*** INFORMATION SHOWN ***

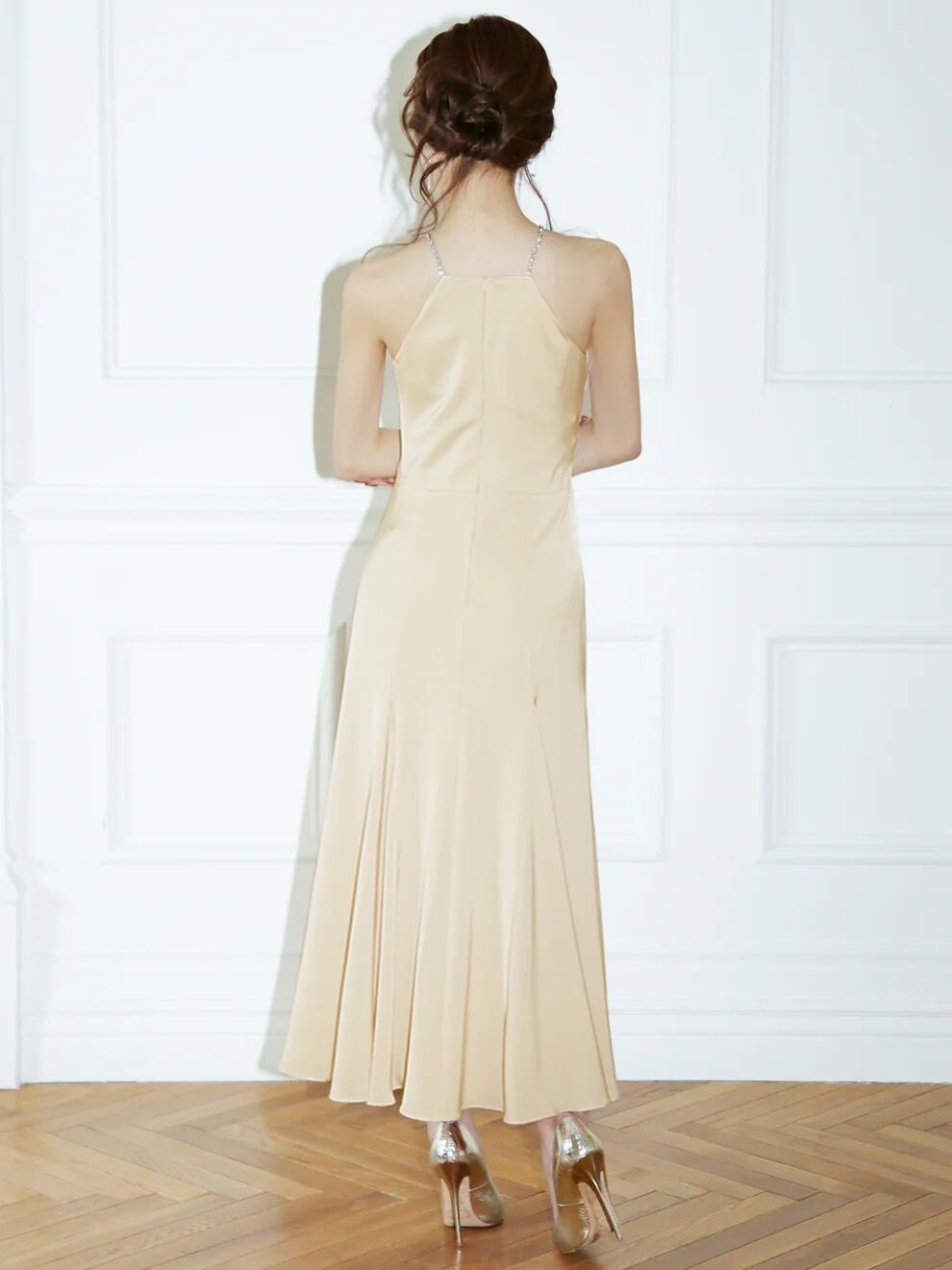 首元の華奢なストラップがデコルテを引き立て、女性らしいラインを演出します。
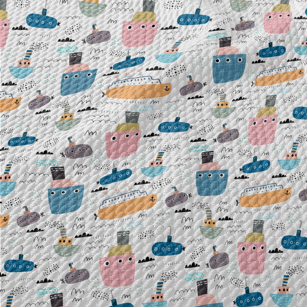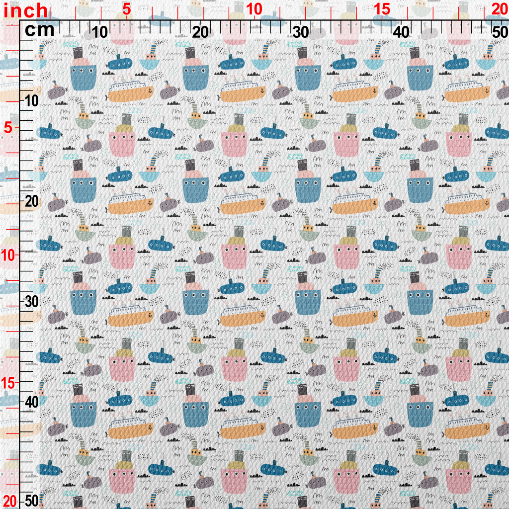 兒童塗鴉潛水艇與船隻泡泡布(幅寬160公分)
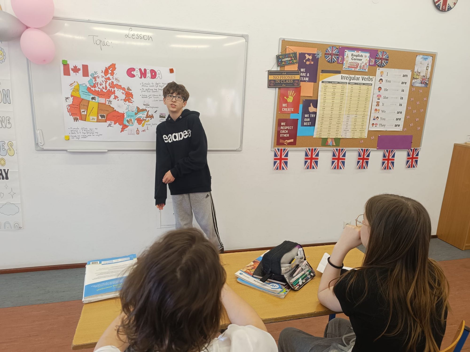 Prezentacja wzbudziła duże zainteresowanie wśród uczniów. Nie zabrakło pytań – szczególnie o życie szkolne w Kanadzie. Uczniowie chcieli wiedzieć m.in., czy można korzystać z telefonu w szkole, ile jest sprawdzianów w tygodniu oraz czy uczniowie dużo piszą. Kuba chętnie odpowiadał na wszystkie pytania, dzieląc się swoimi doświadczeniami.

*** End of INFORMATION SHOWN ***

**WORK ORDER**
The response is to contain exactly the lines from the beginning of the data through the line containing "兒童塗鴉潛水艇與船隻泡泡布(幅寬160公分)", both ends included, and nothing else; omit the pictures.

**ANSWER FOR THE TASK**
 首元の華奢なストラップがデコルテを引き立て、女性らしいラインを演出します。
 兒童塗鴉潛水艇與船隻泡泡布(幅寬160公分)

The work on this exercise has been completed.